Top of Dataset section

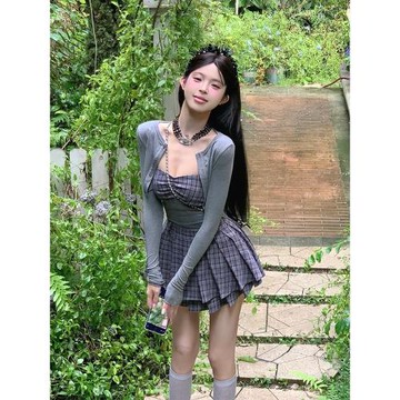 【下周六】女夏氣質辣妹深灰色鏤空上衣+格子吊帶+甜妹裙子套裝裙
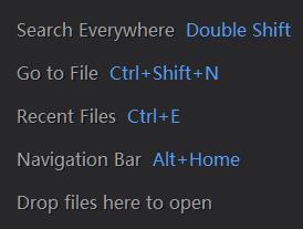 1.To open any class in the editor quickly, press Ctrl+N (Navigate | Class) and start typing the name of the class. Choose the class from a drop-down list that appears.
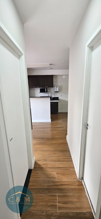 Apartamento 43m² à venda distribuídos em 2 dormitórios, 1 banheiro, sala com varanda integrada com vista livre e sol da manhã, cozinha conceito aberto, área de serviço. Moderno, bem iluminado, arejado e pronto para morar, com móveis e eletrodomésticos. Conta com 1 vaga de garagem.
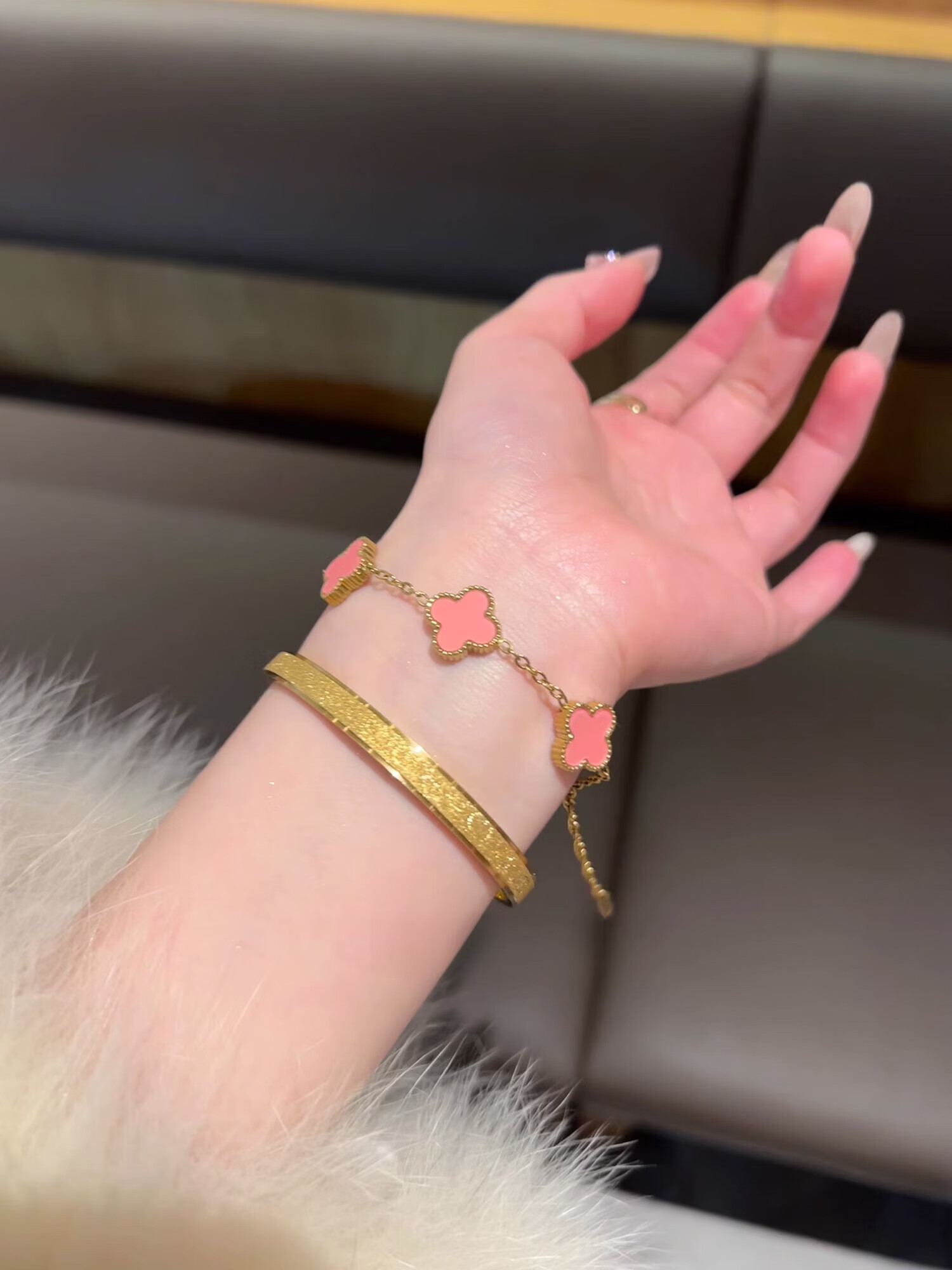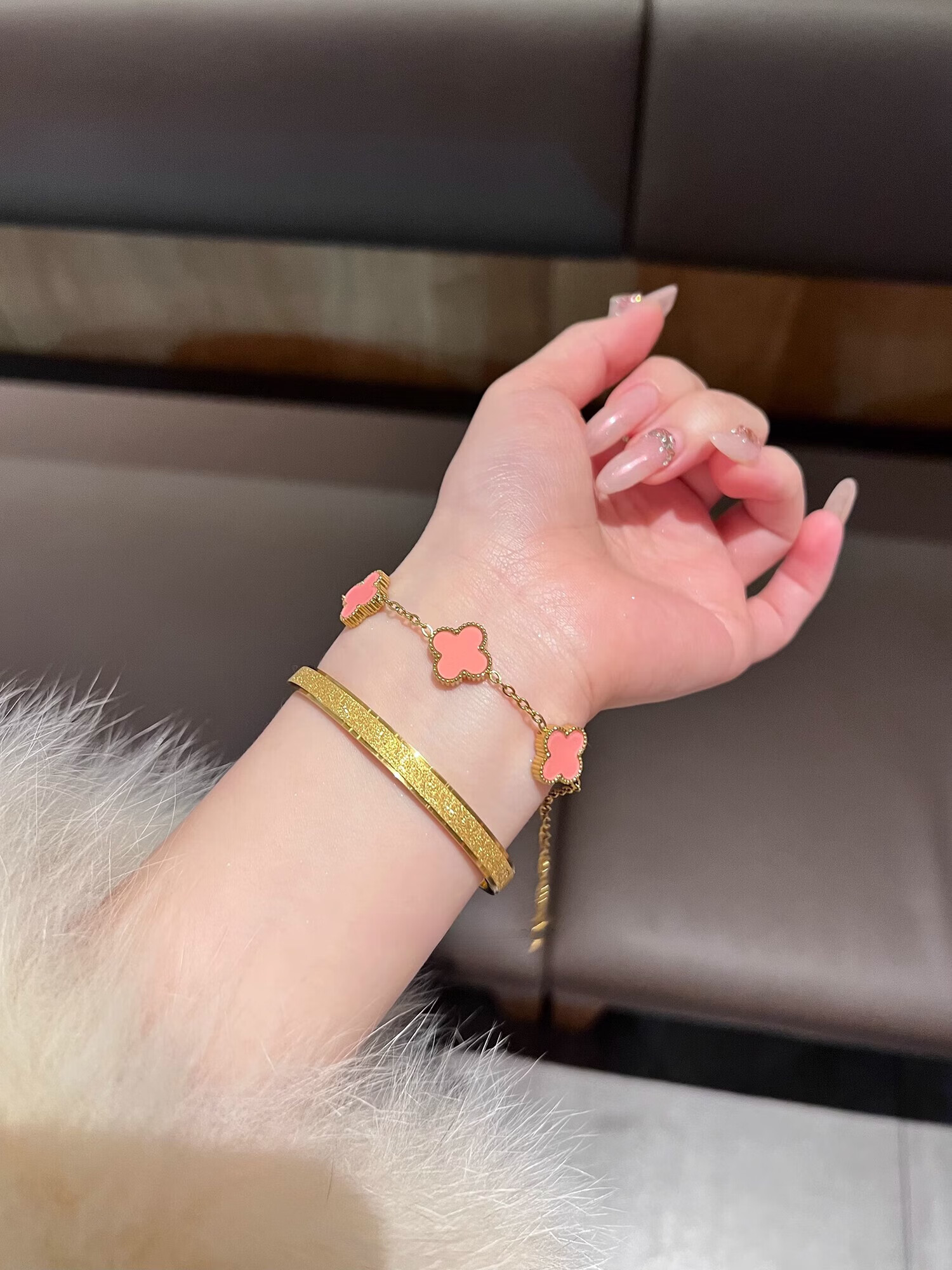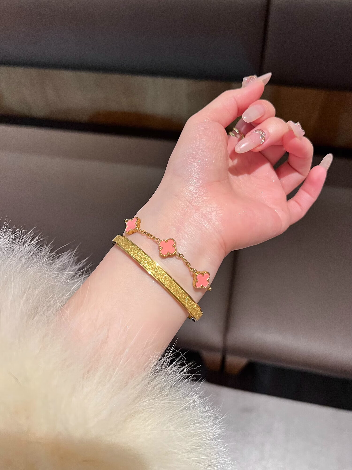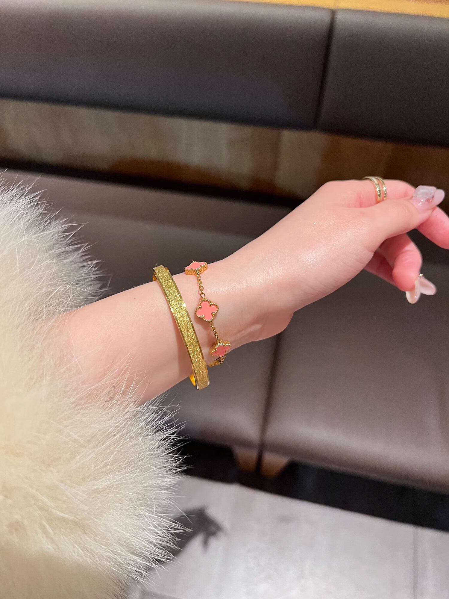 Yadige 18K gold bracelet, niche frosted bracelet, light luxury style ring bracelet, versatile and stackable, two small pink shell bracelets

Bottom of Dataset section

» Prompt: Aside from its pictures, the listing must be given again in full, exactly as it appears.

» Solution for this problem:
 【下周六】女夏氣質辣妹深灰色鏤空上衣+格子吊帶+甜妹裙子套裝裙
 1.To open any class in the editor quickly, press Ctrl+N (Navigate | Class) and start typing the name of the class. Choose the class from a drop-down list that appears.
 Apartamento 43m² à venda distribuídos em 2 dormitórios, 1 banheiro, sala com varanda integrada com vista livre e sol da manhã, cozinha conceito aberto, área de serviço. Moderno, bem iluminado, arejado e pronto para morar, com móveis e eletrodomésticos. Conta com 1 vaga de garagem.
 Yadige 18K gold bracelet, niche frosted bracelet, light luxury style ring bracelet, versatile and stackable, two small pink shell bracelets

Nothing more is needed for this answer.